As far as frequency as a predictor of lexical cohesion is concerned, we can observe a fairly strong correlation (Pearson’s rank correlation, r = 0.693) between syntagmatic cohesion and normalized frequency, confirming the prediction of the syntagmatic strengthening principle. Arranged according to cohesion scores, the list is headed by the three most frequent items, that is, I don’t know, on the other hand and at the same time. It should also be noted that the other components of the frequency profiles are also high for these three items (except for distance in the case of I don’t know). The items ranking fifth and sixth, viz. at the end of the day and in the middle of the night, rank higher in syntagmatic cohesion than would be expected on the basis of their frequency, illustrating the confounding effect that idiomaticity has on frequency.

The frequency parameters of proportion and distance also show interesting links to idiomaticity and syntagmatic cohesion, which are indicative of the special paradigmatic effects predicted by the syntagmatic strengthening principle. The expression at the same time stands out in this respect with an extremely high score for distance: it is more than nine times more frequent than the runner-up of the pattern, that is, at the other end. Further items boasting distance scores higher than 3 and high proportion scores include on the other hand, in the same way, at the end of the day, in the middle of the night as well as this is not to say and in such a way. For all of these cases, it is true to say that they ‘stand out’ from the frequency curves as was exemplified for the pattern in such a + in Figure 1.

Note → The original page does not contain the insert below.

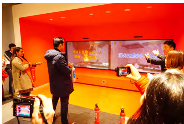
横浜市民防災センター視察
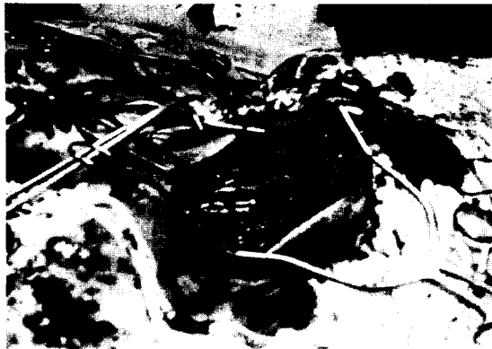
Fig. 4. Reconstructed internal carotid artery with a saphenous vein.

The four types indicated in the final column of the table, which will be taken up below, can be distinguished by the following constellations of values:

(a) Extremely cohesive items which are highly frequent and/or idiomatic and boast high values for distance.

(b) Highly cohesive items which have high scores for idiomaticity and/or distance, but not necessarily high scores for frequency.

(d) One item where the source of the high rating for cohesion is unclear.

Summary

The main result of the study is that frequency and syntagmatic cohesions seem to correlate. This finding emerges from both types of analysis. Based on the prediction of the syntagmatic strengthening principle, I would venture the causal interpretation of this correlation that higher frequency is conducive to cohesion rather than the other way round.

Regarding idiomaticity, both types of analysis indicate that this factor is also conducive to syntagmatic cohesion, as was to be expected on the basis of the existing literature. However, the prediction of the syntagmatic strengthening principle that idiomaticity increases with frequency was only partly confirmed. This is also not surprising, since it is known that semantically idiomatic expression such idioms or proverbs tend to be used infrequently. The expectation that pragmatically idiomatic expressions such as routine formulae, discourse markers or partly idiomatic conventional phrases tend to be frequent is partly confirmed, but it is not the case that frequent expressions become idiomatic more or less automatically.

In short, idiomaticity and frequency may work together to increase syntagmatic cohesion, and if they do, cohesion can be very strong. Each of the two factors alone seems to be sufficient to increase syntagmatic cohesion: items which are either highly idiomatic or highly frequent are also likely to be very cohesive syntagmatically. Distance, proportion and idiomaticity also interact to some extent, as well as distance and syntagmatic cohesion. This must also be taken into account when looking for implications for learning and teaching, and this is the reason why the types identified in the right-most column of Table 6 will serve as the basis of these implications.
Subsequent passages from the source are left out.